#### [Exercise objective]
Taking only the lines of the data below from the line with "2022년도 세입세출 결산고시" to the line with "Close up of", ends included, write them out exactly and without pictures.

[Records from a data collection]
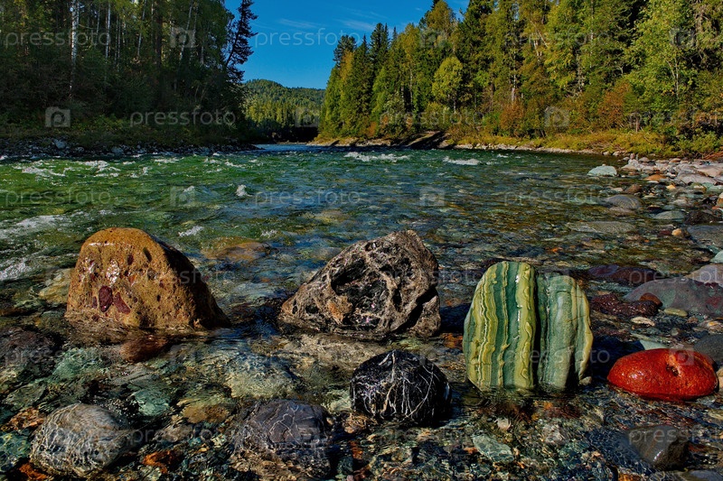 Россия. Западные Саяны. Разноцветные минералы необычной красоты в горных притоках реки Казыр
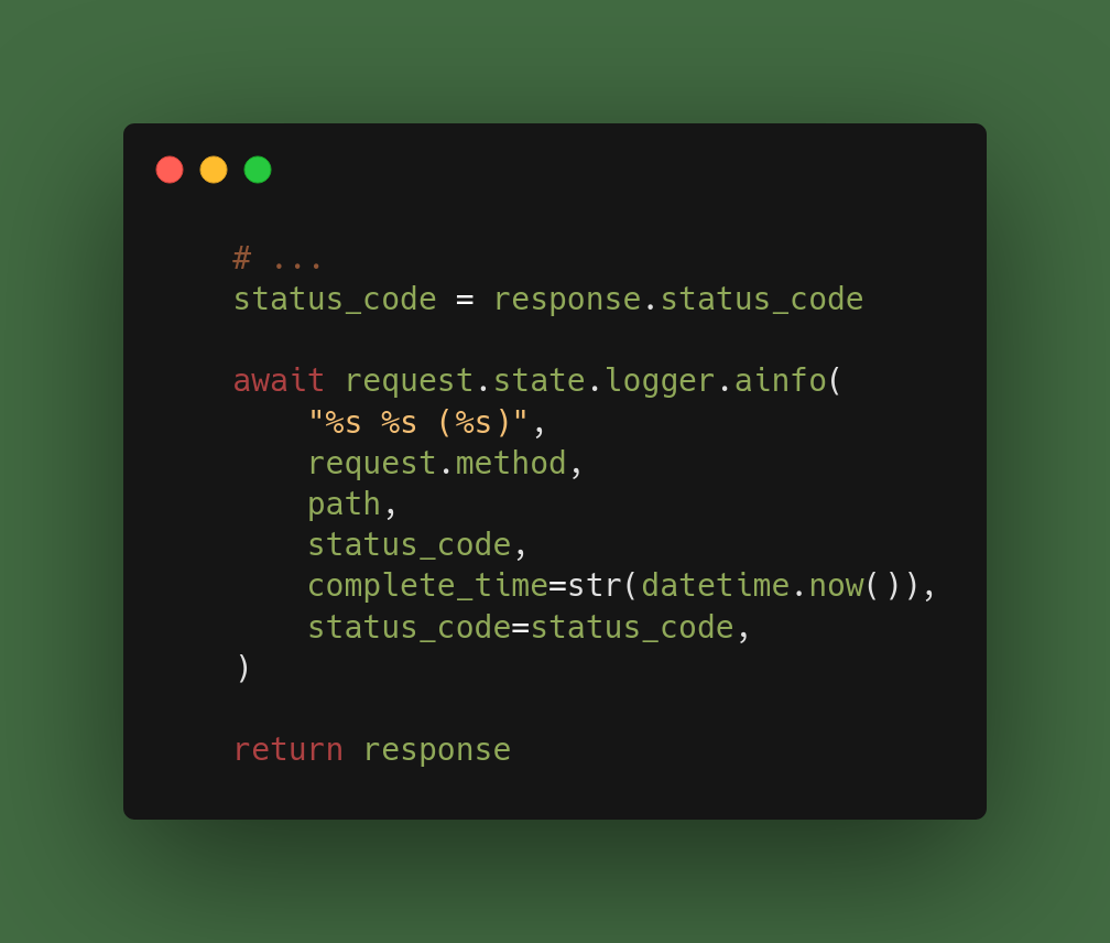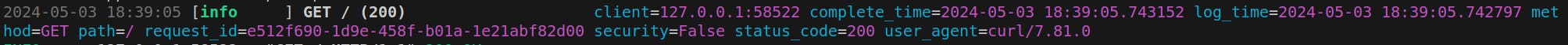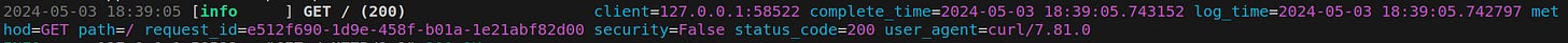 One last bit of code: I want to add a completion log entry, similar to how Uvicorn adds log entries when the request completes, to alert you of which endpoint was accessed and what the status code was. This on its own would be a pretty good drop in replacement for Uvicorn!
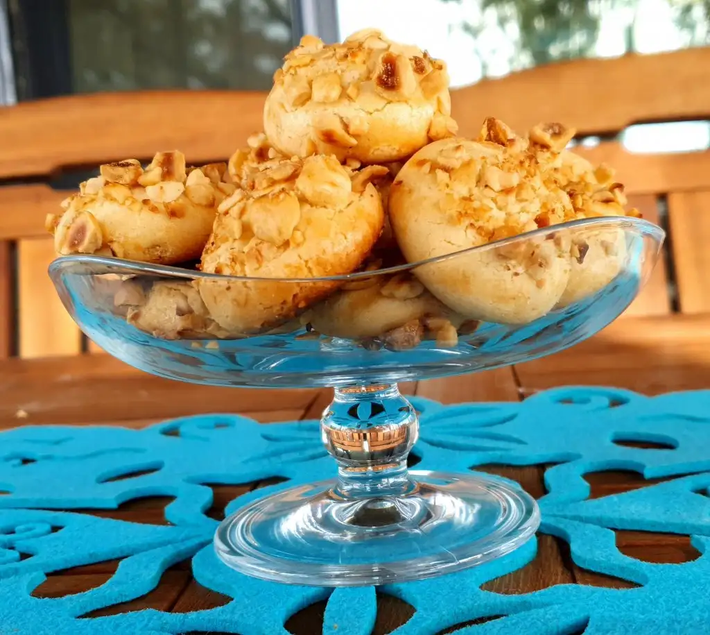 - Hamurdan cevizden biraz küçük parçalar alınır. Avuç içerisinde yuvarlanıp biraz aralıklı olacak şekilde fırın tepsisine dizilir.
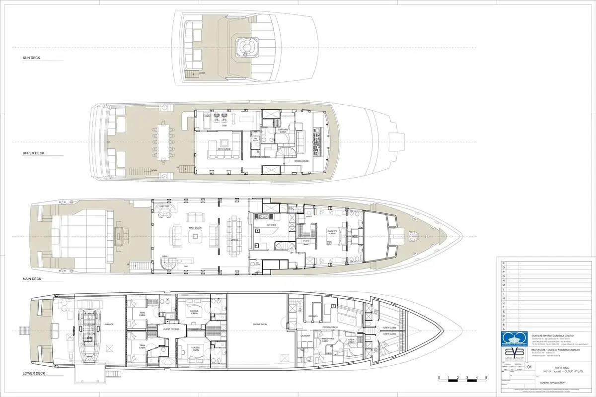 A design classic from the 1990s in beautiful condition, CLOUD ATLAS stands out from the crowd with her crisp exterior lines and bold, striking livery. Fresh and fully updated in a recent refit, this is a unique and distinctive yacht with her own individual sense of style. She’s a 46-metre (150ft) tri-deck vessel with ample living space, designed to host up to 12 guests in five cabins with service from a crew of nine.
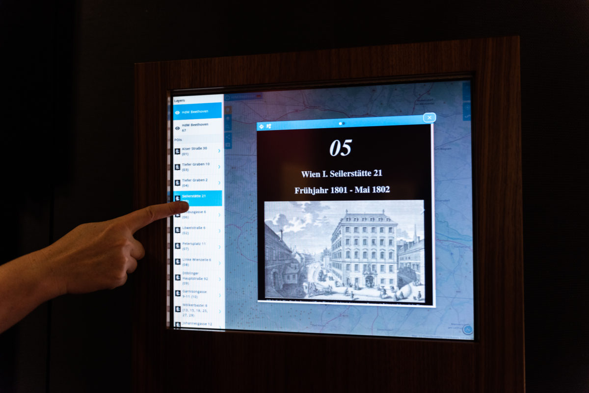 Narodil se v Bonnu, kde započal i svou hudební kariéru, osud ho ale již v mládí zavál do Vídně. Beethoven žil v tomto městě 35 let, a když vejdete do místnosti a půjdete rovně, na tabuli po pravé straně se dozvíte, že se během těchto let stěhoval celkem 67krát. Na jednom místě tedy nezůstal v průměru déle než půl roku: za prvé proto, že bylo dříve běžné odjíždět na léto z dusného města na venkov, a za druhé Beethoven rozhodně nebyl prototypem příjemného souseda. Když mu bylo například horko v důsledku náročného komponování, vylil si uprostřed bytu na hlavu kbelík studené vody – z čehož nebyli sousedi pod ním příliš nadšeni. Beethoven byl tvrdohlavý, výbušný a především hlučný. Již ve věku kolem 25 let se u něj projevily první známky nedoslýchavosti, s přibývajícím věkem byl tedy také stále hlučnější: Beethoven přicházející o sluch se bořil vší silou do kláves, a přesto nic neslyšel…
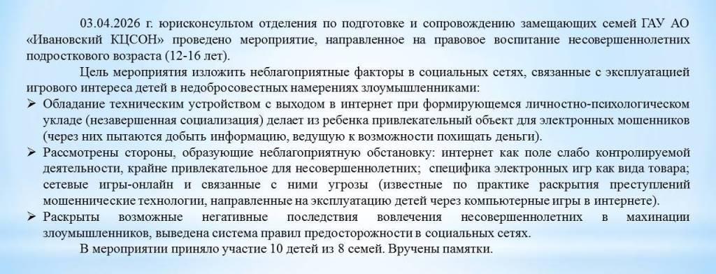 03.04.2026 г. юрисконсультом отделения по подготовке и сопровождению замещающих семей ГАУ АО «Ивановский КЦСОН» проведено мероприятие, направленное на правовое воспитание несовершеннолетних подросткового возраста (12-16 лет).Читать далее...
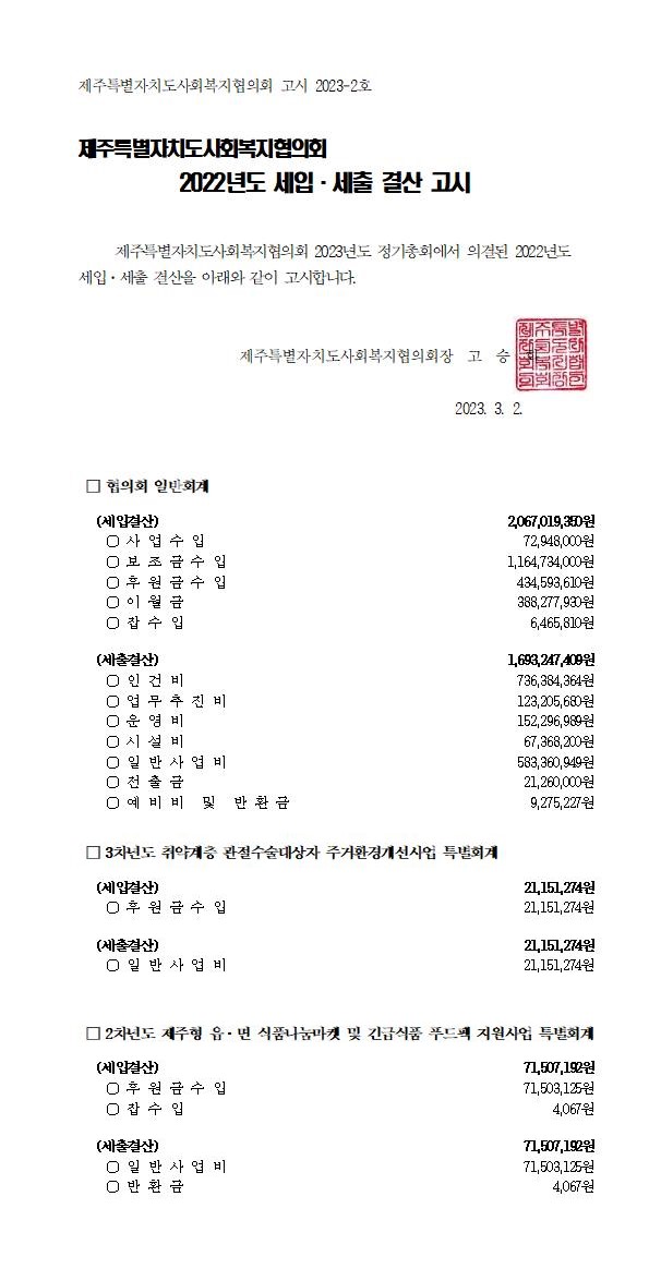 2022년도 세입세출 결산고시
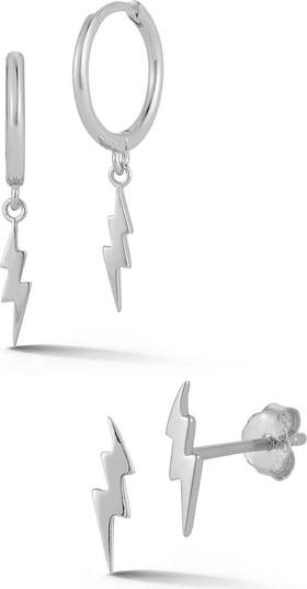 Show off this striking 14-karat gold vermeil or sterling silver earrings set including huggie hoop drops and studs featuring glossy lightning bolts.
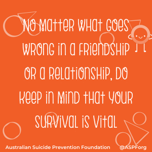 No matter what goes wrong in a friendship or a relationship, do keep in mind that your survival is vital. If a friend of yours had a fatal medical illness, they would not want you to die also. If something disastrous happens between you and another person, you know that other person would not want you to die either. If you had a major fallout with a friend or someone with whom you were having a relationship, you would not want the other person to die!
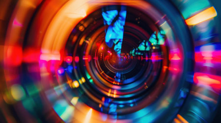 Close up of camera lens, vivid colors, depth of field..
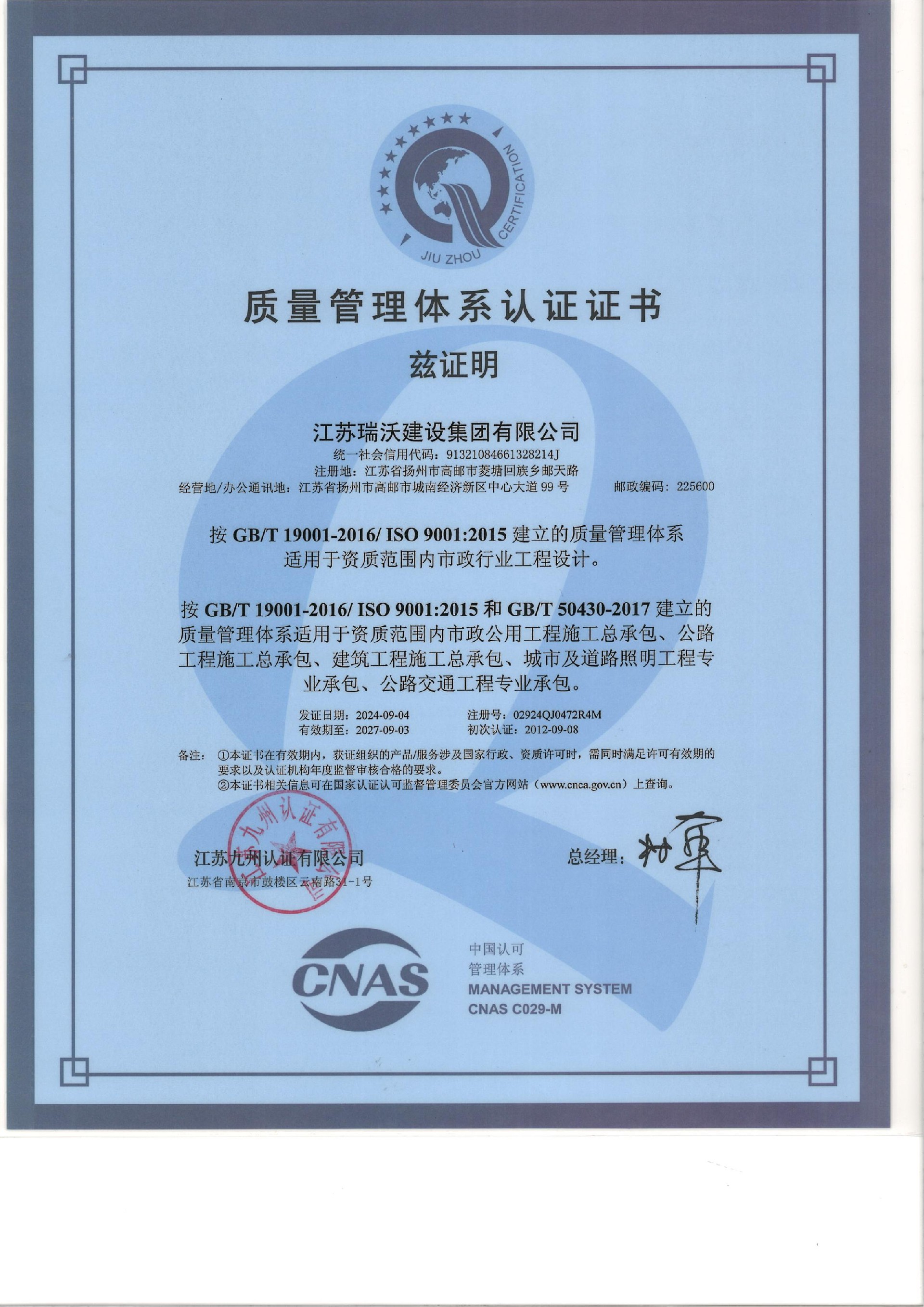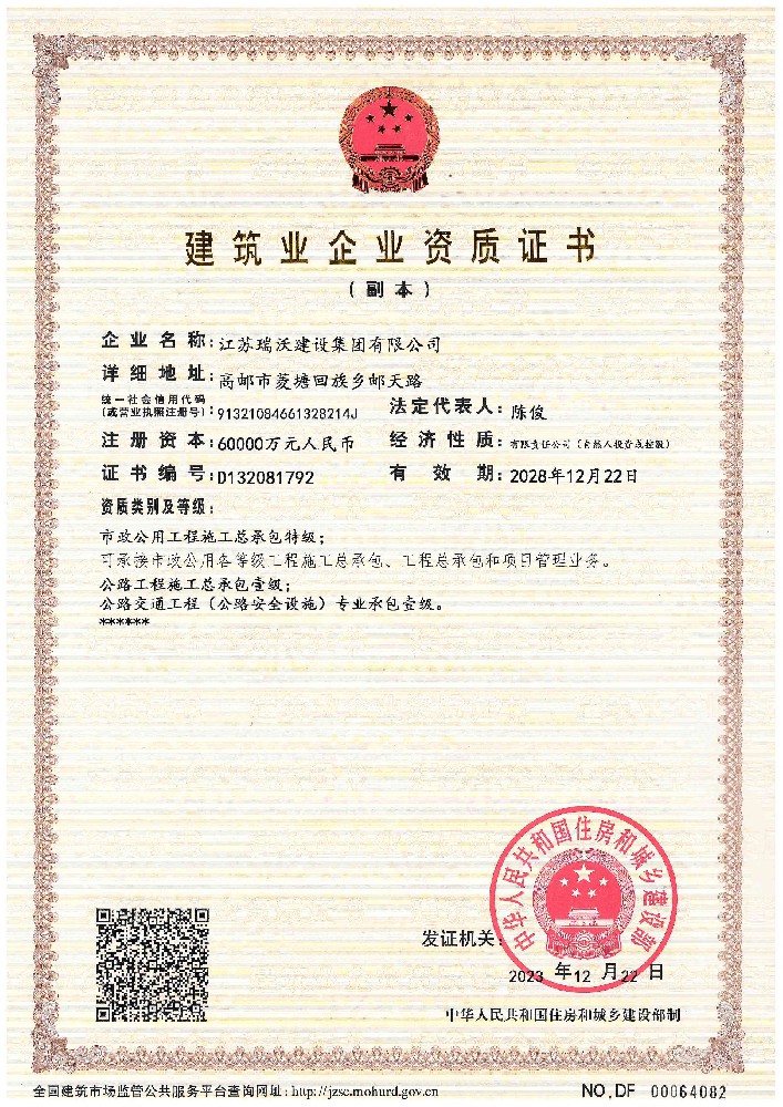 江蘇瑞沃建設(shè)集團(tuán)有限公司成立于2007年,是一家以市政、交通工程建設(shè)為主導(dǎo),集房屋建筑、交通安全設(shè)施、城市道路照明工程、電力工程、隧道工程、航道工程及投融資為一體的綜合性企業(yè)。企業(yè)注冊(cè)資本60000萬(wàn)元,現(xiàn)有各類(lèi)技術(shù)人員580人,其中中、高級(jí)以上人員498人,注冊(cè)類(lèi)人員268人,一、二級(jí)建造師166人。公司榮獲“江蘇省建筑業(yè)優(yōu)秀企業(yè)”、“江蘇省五一勞動(dòng)獎(jiǎng)狀”,連續(xù)多年被評(píng)為“揚(yáng)州市先進(jìn)企業(yè)”、“江蘇省建筑業(yè)百?gòu)?qiáng)企業(yè)”,連續(xù)八年蟬聯(lián)百?gòu)?qiáng)企業(yè)基礎(chǔ)設(shè)施類(lèi)第一名。
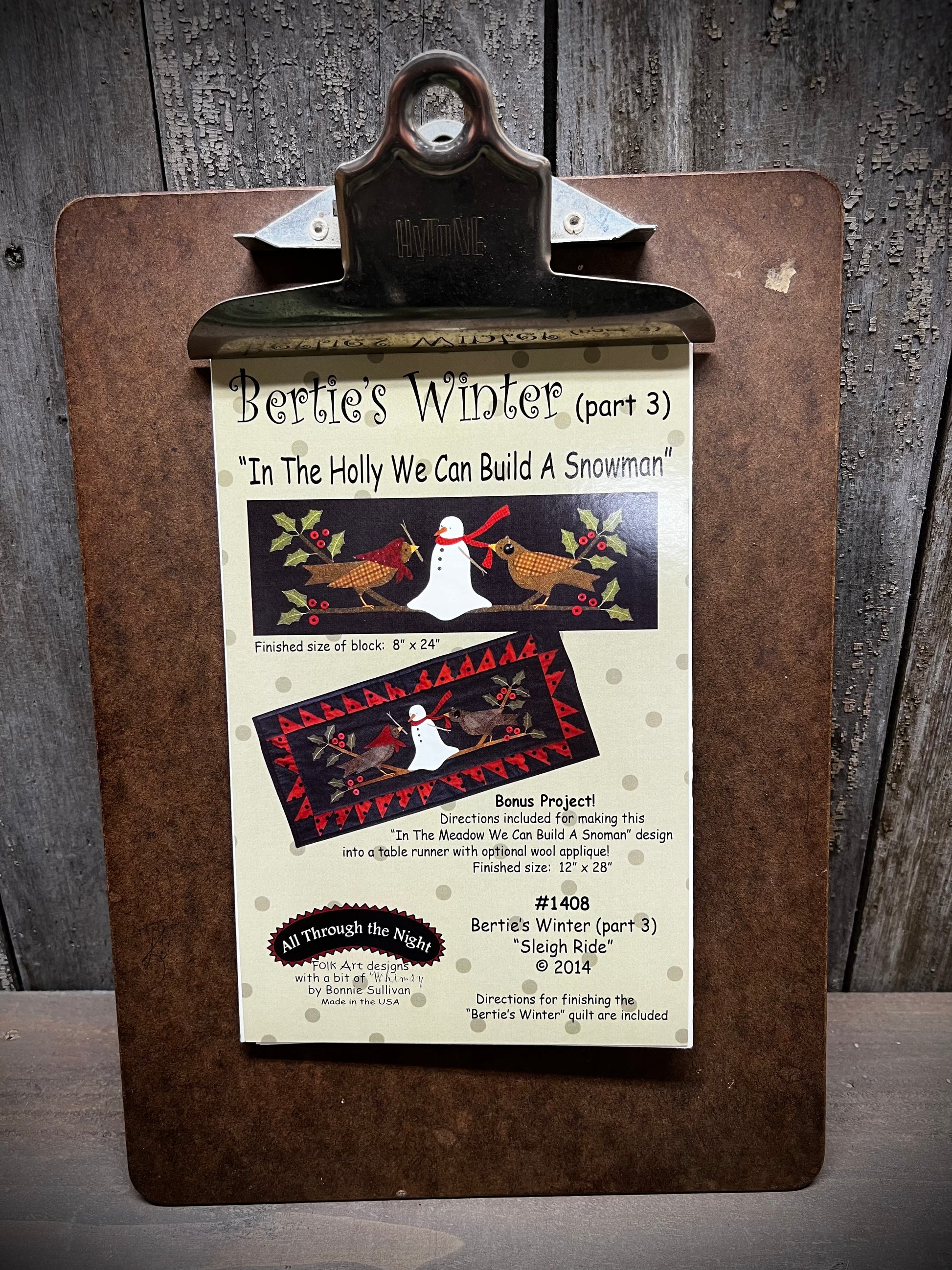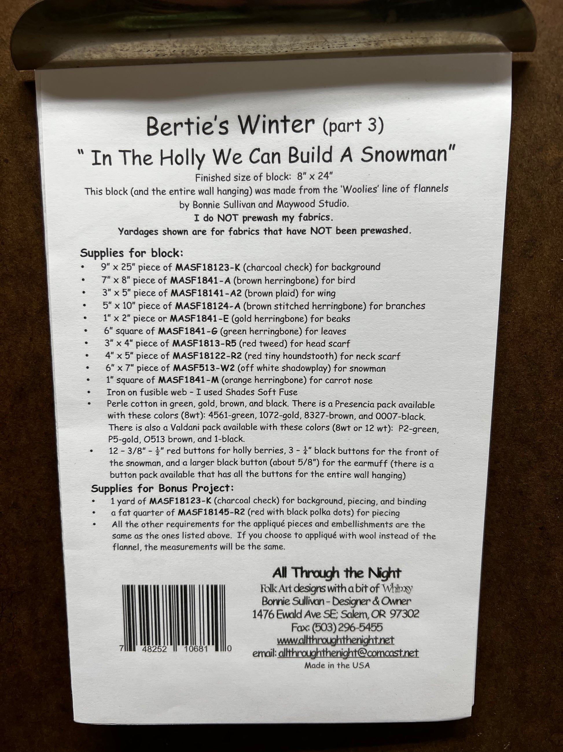 Bertie's Winter block is 8" x 24" and includes the bonus "In the Holly We Can Build a Snowman" design for a pillow with optional wool applique directions. Finished pillow size is 12" x 28"
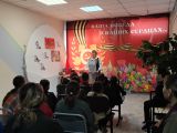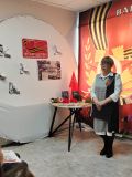 Заведующей филиала Нидымской библиотеки, Токаревой И. К. было прочитано стихотворение о войне, рассказано о подвигах связиста Иннокентия Петровича Увачана, дале прочитали произведение о подвиге связистов в годы ВОВ. Учитель начальных классов, Пакачакова Ю. В. читала детям произведение. Дале стих "Ни шагу назад" продекламировала, учитель музыки, Голод Ж. В.
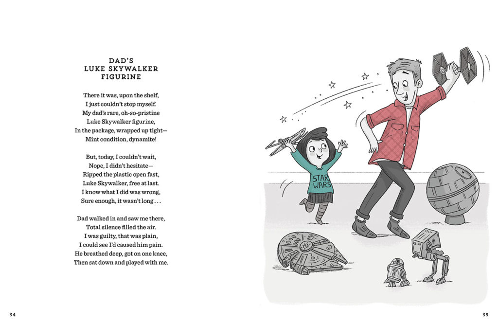 En un formato que recuerda a los libros a menudo absurdamente divertidos de Shel Silverstein, la obra de arte de Budgen visualiza los sueños de un niño de 10 años de jugar a buscar con una mascota AT-AT, una niña que escapa del Imperio en su T-16 Skyhopper, y más mientras Doescher, quien anteriormente escribió las versiones de Shakespeare de la saga Skywalker, captura el juego precoz e imaginativo inspirado en la galaxia de Star Wars, con poemas que riman y son adecuados para los fans mas jóvenes y o los jóvenes de corazón.

#### [Answer]
 2022년도 세입세출 결산고시
 Show off this striking 14-karat gold vermeil or sterling silver earrings set including huggie hoop drops and studs featuring glossy lightning bolts.
 No matter what goes wrong in a friendship or a relationship, do keep in mind that your survival is vital. If a friend of yours had a fatal medical illness, they would not want you to die also. If something disastrous happens between you and another person, you know that other person would not want you to die either. If you had a major fallout with a friend or someone with whom you were having a relationship, you would not want the other person to die!
 Close up of camera lens, vivid colors, depth of field..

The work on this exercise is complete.